The proposal by Rep. Kevin Brady, R-Texas, is part of his effort to get an annual budget. In addition, Republicans are questioning the administration overpayments to insurers. Also on Capitol Hill, Senate Republicans are raising questions about how the insurance co-ops were regulated.

The Associated Press: Top Republican Unveils $98B In Cuts To Social Programs
A senior House Republican on Thursday reprised a proposal to cut child tax credits for immigrants working in the U.S. illegally. Powerful Ways and Means Committee Chairman Kevin Brady, R-Texas, also wants tougher rules to reclaim overpayments of health insurance tax subsidies under the new health care law as part of package to cut spending by $98 billion over 10 years. The move is part of an effort designed to help GOP leaders make progress in passing the House's annual budget blueprint. (Taylor, 3/10)

The Hill: GOP: ObamaCare Payments Break The Law
Republicans are putting heightened scrutiny on ObamaCare payments that they argue break the law. They say the administration is violating the Affordable Care Act by prioritizing payments to insurers over payments to the U.S. Treasury, and have grilled Health and Human Services Secretary Sylvia Burwell about the matter at recent hearings. ... At issue is ObamaCare’s reinsurance program, which is designed to protect insurers against high costs for sicker enrollees in the early years of the law. Under the program, the government collects money from insurers and then gives it to plans with high-cost enrollees. (Sullivan, 3/10)

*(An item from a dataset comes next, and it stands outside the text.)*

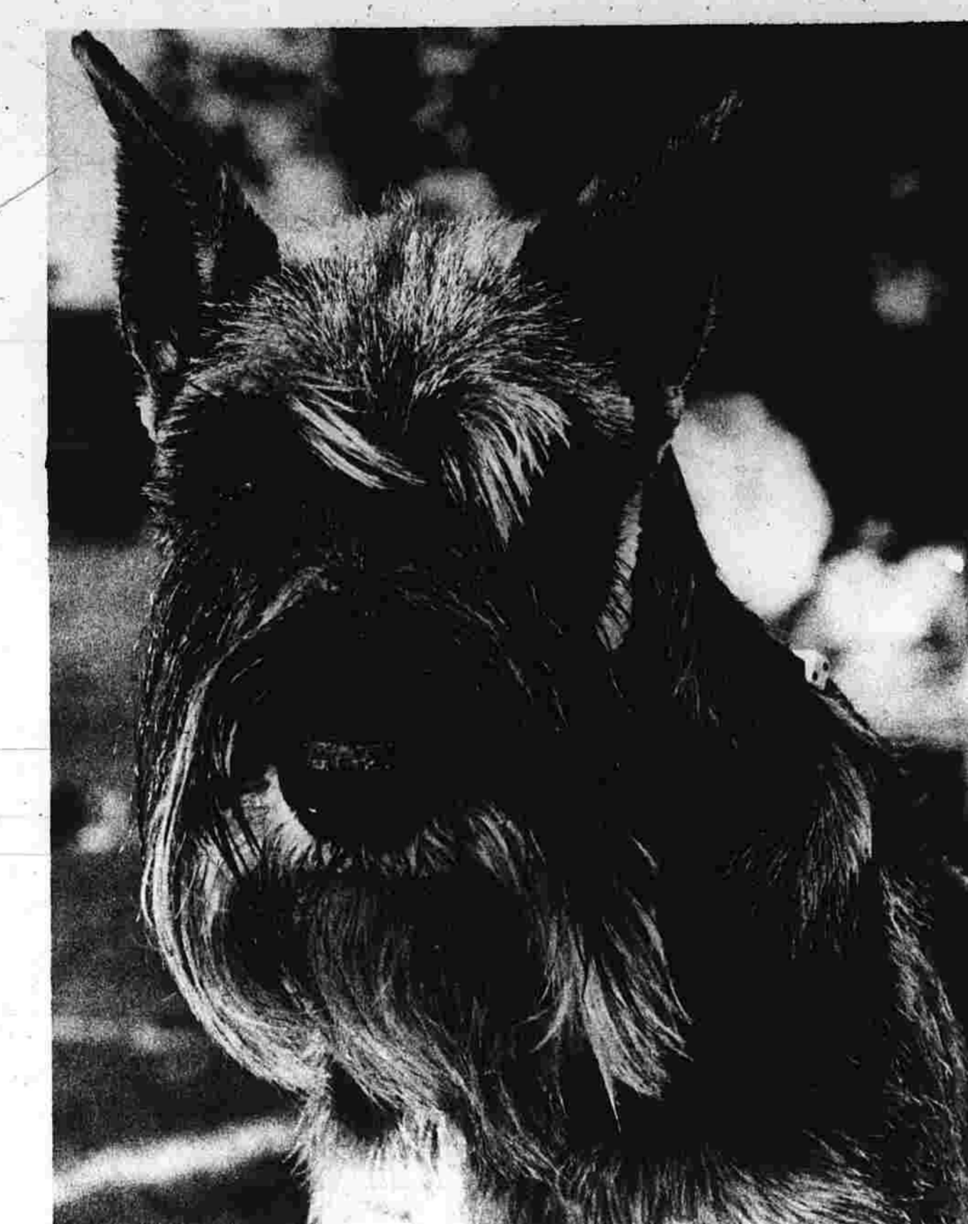
"HEIDI IV": STANDARD SCHNAUZER

The Hill: ObamaCare Official: Troubled Co-Op Should Have Been Closed Sooner
A top ObamaCare official acknowledged Thursday that a troubled nonprofit “co-op” insurer set up under the health law should have been shut down sooner. The co-op, called CoOportunity, operated in Iowa and Nebraska and was shut down by regulators in January 2015 because of financial problems. Andy Slavitt, the acting administrator of the Centers for Medicare and Medicaid Services (CMS), said at a Senate hearing Thursday that the insurer should have been shut down before beginning the 2015 coverage year. (Sullivan, 3/10)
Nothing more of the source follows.